- Born: 1892 Valley Falls, Kansas, U.S.
- Died: 1972 (aged 79–80)
- Occupation: Banker
- Children: R. Crosby Kemper Jr.
- Father: William Thornton Kemper Sr.
- Relatives: William Thornton Kemper Jr. (brother) Crosby Kemper III (grandson) Sandy Kemper (grandson)

= Rufus Crosby Kemper Sr. =

American banker (1892–1972)

Rufus Crosby Kemper Sr. (1892–1972) was an American banker. He is known for expanding City Center Bank, acquired by his father, from a three-man operation with $600,000 in deposits into UMB Financial Corporation, with $300 million in deposits, during his tenure from 1919 to September 1967.

Kemper is a great-grand-uncle of actress Ellie Kemper (born 1980).

==Early life==
Rufus Crosby Kemper was born in 1892 in Valley Falls, Kansas. His father, William Thornton Kemper Sr., bought City Center Bank (which was founded in 1913) during World War I.

==Career==
William first appointed Crosby's younger brother James M. Kemper president of the bank in 1919. However, James resigned a month later and went on to become president of rival Commerce Bancshares. Rufus became president of the bank, a position he held until 1959, when his son R. Crosby Kemper Jr. took over.
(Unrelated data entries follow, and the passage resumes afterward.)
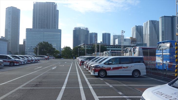 本日のシフトは6:00~13:00。もう少しやりたいと思い、オリンピックポータルサイトの研修予約から13:00~18:00を追加。相鉄東京ベイ有明から浦安の東京ベイ東急ホテルでパッリしたスーツ姿の日本人1名を9時からの予約でオリンピックスタジアムまで送りました。閉会式関係者?、東京ベイ東急ホテルでは8時出発のディズニーランド行きバスを待つ若い女性たちの行列がありました。
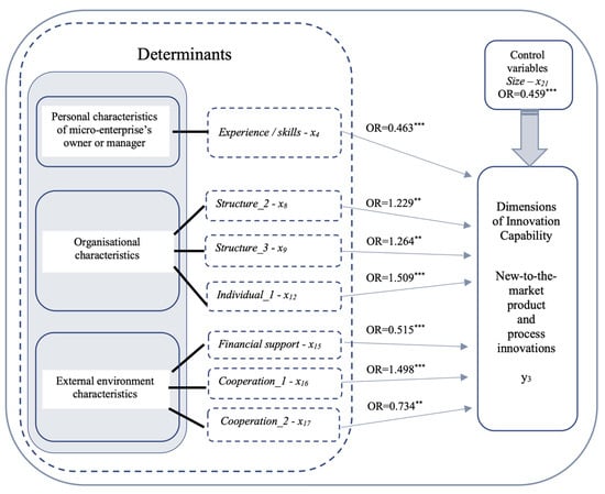 Innovation is an essential driver of companies’ growth and is important in securing and sustaining their competitive advantage and in the implementation of their entire strategies. In this process, a special role is played by companies’ capabilities, especially those related to innovation capability (IC). Despite many years of research into identifying the factors that influence IC, there are still many research gaps. One such concerns the IC of micro-enterprises. Only a few studies indicate certain factors that may affect micro-enterprise ICs. Thus, this article aims to analyse the determinants of micro-enterprises’ ICs from the perspective of implementing new-to-the-market product and process innovations. The theoretical framework adopted distinguishes between three groups of factors affecting micro-enterprise IC: personal, organizational and external environmental characteristics. The data examined come from an empirical study of a randomly selected representative sample of 1105 Polish micro-enterprises. To analyse these data, a logistic regression model was used. The results indicate that seven factors are common and significant determinants that explain the new-to-the-market product and process dimensions of micro-enterprise IC. Among them, the following have the greatest influence: engagement in initiatives for solving social problems, intensive cooperation with research centers, experience/skills and financial support.
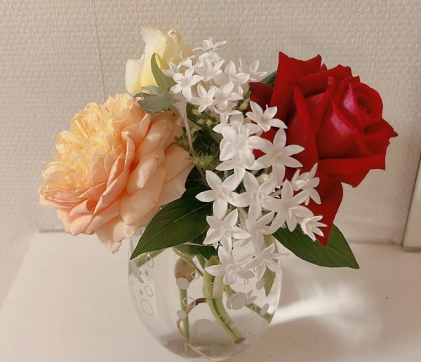 アミカの郷の入り口に 毎朝咲きたてのお花を飾っています。
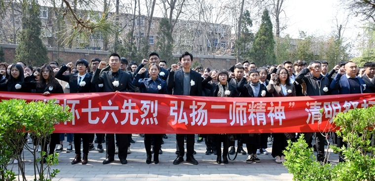 4月3日,校团委在“七六”烈士陵园举行“青春心向党 建功新时代”清明祭扫主题团日活动。团委负责同志、各学院团总支书记和学生代表共200余人参加活动。
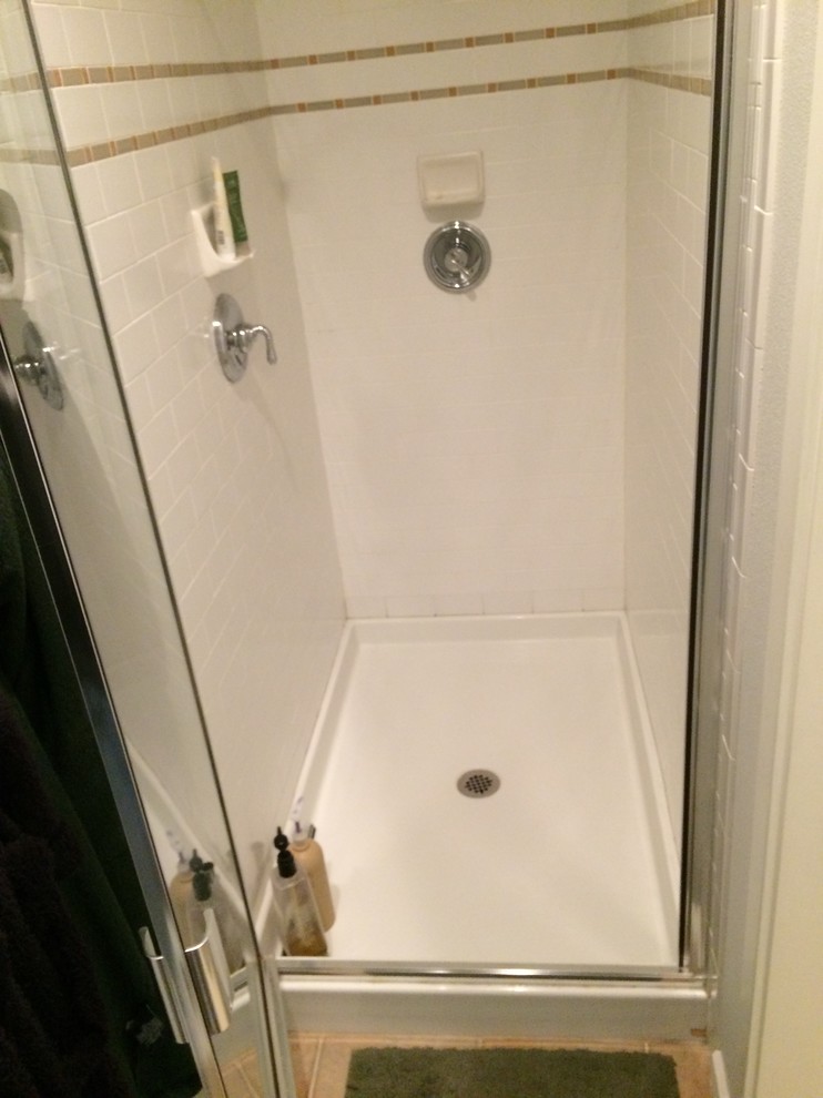 Before: The shower stall was small and had a curb — not conducive to aging in place.
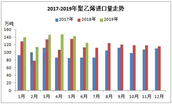據(jù)統(tǒng)計,2019年上半年國內(nèi)PE產(chǎn)量在867.21萬噸,較2018年同期(802.68萬噸)增加64.53萬噸,增幅在8.04%。2019年上半年國內(nèi)PE石化大修裝置較少,開工率較高在92%-98%之間波動。除此之外,內(nèi)蒙古久泰能源28萬噸/年全密度裝置在5月份順利投產(chǎn),6月份產(chǎn)量釋放產(chǎn)品逐步供應(yīng)市場。
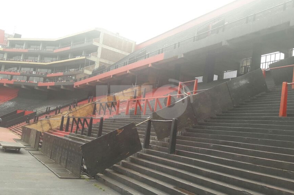 La tribuna baja norte del estadio sabalero lucía hoy una serie de tablones negros formando un rectánculo que permanecerá vacío durante todo el encuentro de Colón y Patronato, y el próximo ante River que se disputará de local.
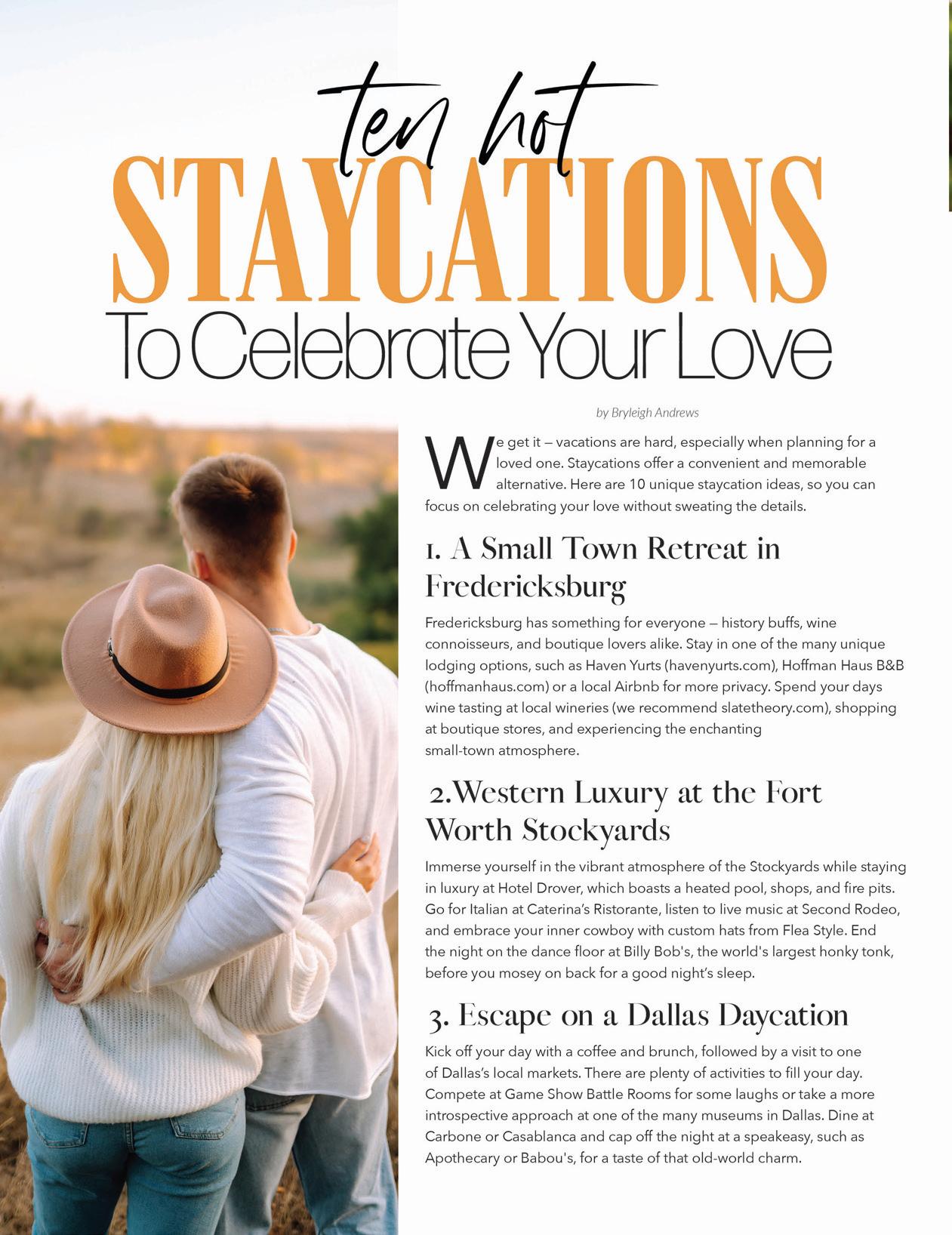 CONTENTS TABLE OF 12 ON THE COVER Hillcrest Family Dental 08 Lone Star Talent 10 Creating Examples For Future Generations 11 Lewisville Firefighter Andy Allison 14 The Chat Room 15 5 Things To Do To Help Save The Earth 16 Dust Off The Drama 18 Spring Fashion Guide 20 All About Earth Day 22 Krieger Orthodontics: We Love Your Smile 24 10 Hot Staycations To Celebrate Your Love 26 Denton County Spotlight: Cross Timbers YMCA 28 Unveiling the Language of Love 30 Sheriff’s Corner with Sheriff Tracy Murphree ISSUE 03 | MAR 16 - APR 19, 2024 | LIFE IN CASTLE HILLS | 5 LiveLocalMagazines.com
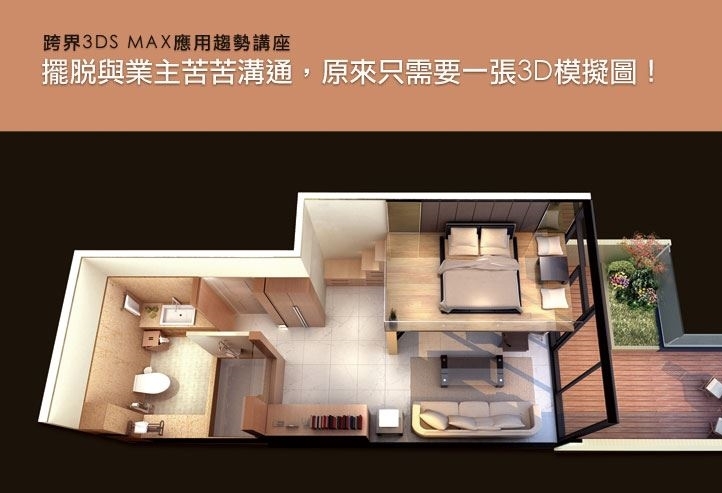 3D示意圖適合擬真呈現室內空間及家具配置、商品包裝提案、產品概念模型、展場動線規劃、更包含MV影片的3D物件等,想開始認識接觸3D表現工具,絕不可錯過這一場由蘇世安老師主講-3dsMax四大面向”型、影、色、框”的精彩跨界應用趨勢講座。
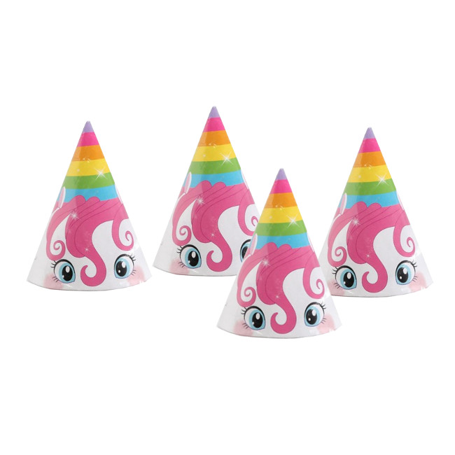 Ce produit contient 6 chapeaux festifs, fabriqués en carton avec une forme pointue. Chaque unité a été décorée avec le visage d'une licorne douce de style 'cartoon'; elle apparaît avec une crinière fuchsia et une corne multicolore, qui correspond à l'extrémité supérieure du chapeau.
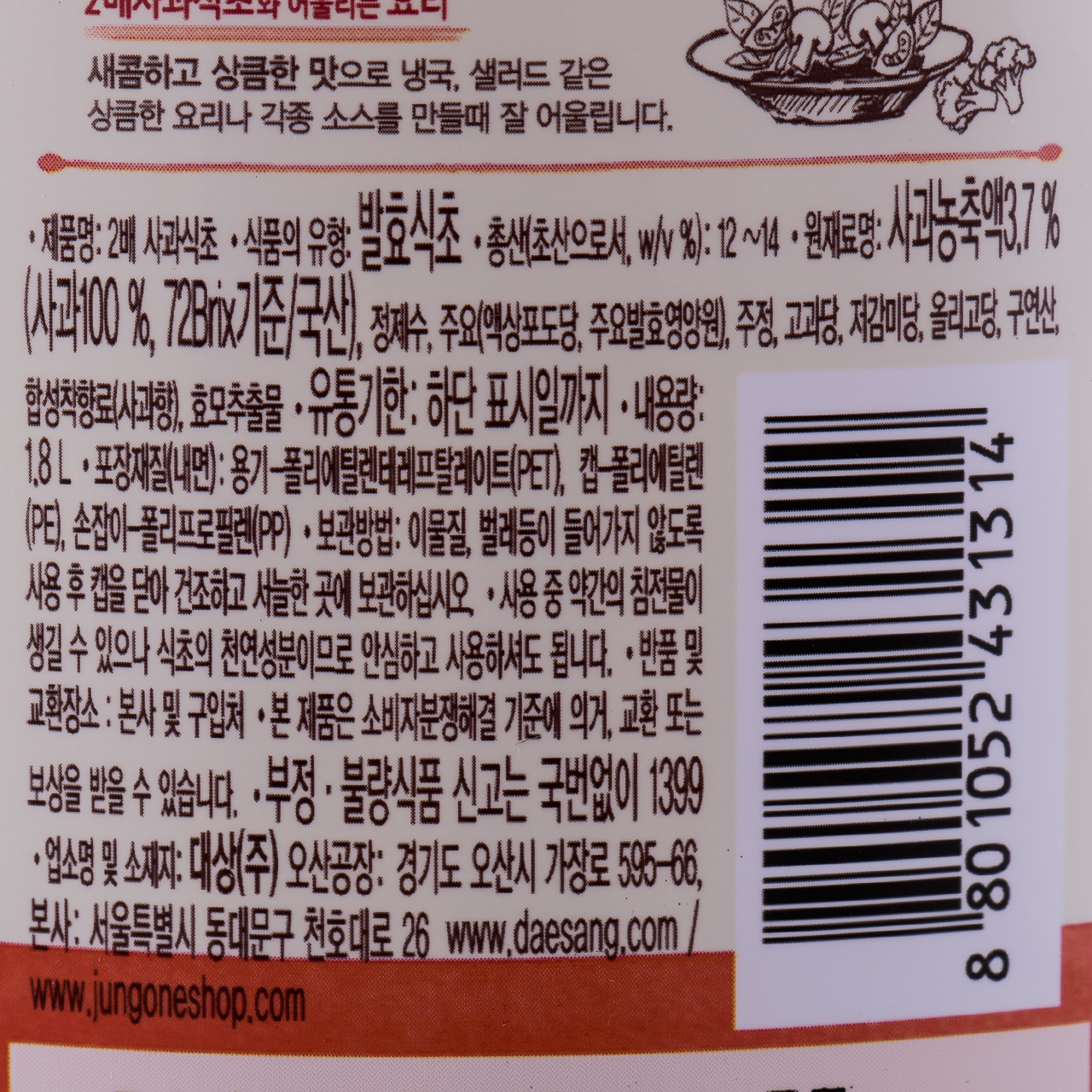 식초(2배사과,청정원,1.8L)
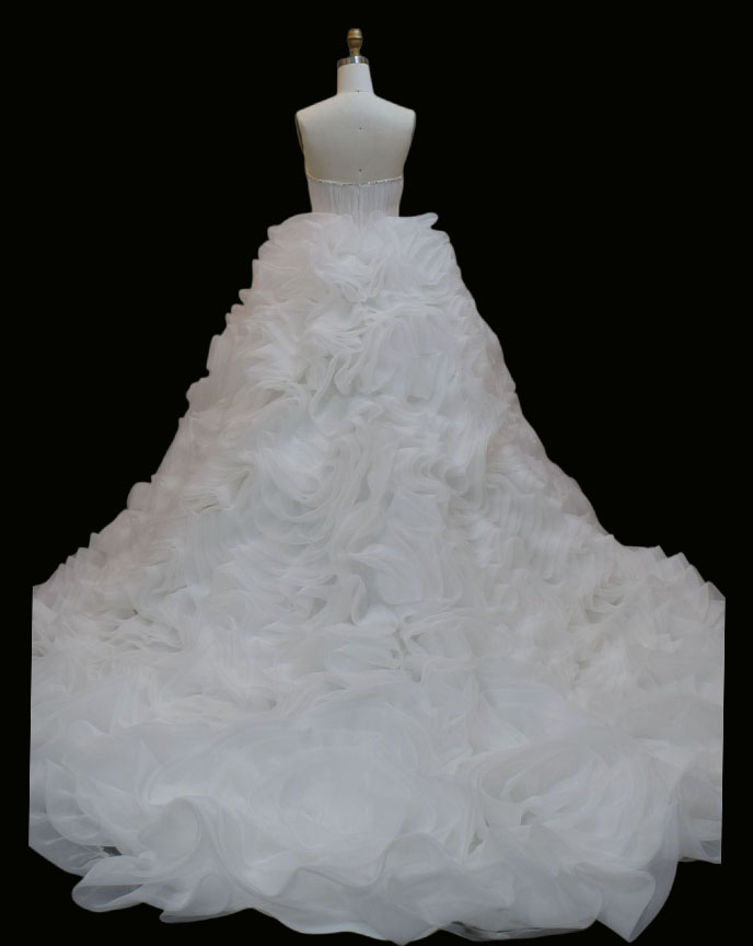 The gown focuses on architectural volume and texture. The structured bodice provides a secure and sculpted fit, often featuring internal boning for support. The skirt is the masterpiece: built from a foundation of supportive tulle and then layered with abundance of high-quality, lightweight organza. Each layer is carefully gathered and attached to create a multidimensional, cloud-like effect that is both incredibly grand and surprisingly light to wear.
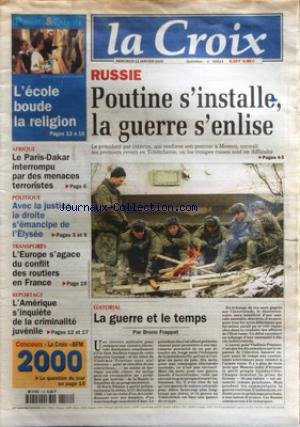 CROIX (LA) [No 35514] du 12/01/2000 - RUSSIE/ POUTINE S'INSTALLE - LA GUERRE S'ENLISE - LA GUERRE ET LE TEMPS PAR FRAPPAT - L'AMERIQUE S'INQUIETE DE LA CRIMINALITE JUVENILE - L'EUROPE S'AGACE DU CONFLIT DES ROUTIERS EN FRANCE - AVEC LA JUSTICE - LA DROITE S'EMANCIPE DE L'ELYSEE - LE PARIS-DAKAR INTERROMPU PAR DES MENACES TERRORISTES - L'ECOLE BOUDE LA RELIGION documentation complète en ligne gratuitement. Lecture

William remained a director until September 1967.

==Philanthropy==
Kemper contributed substantially to philanthropies in the Kansas City Metropolitan Area and Kemper Arena is named for him.

Crosby also served as a regent at Rockhurst University, president of Interstate Securities, and director of Kansas City Title & Trust Company.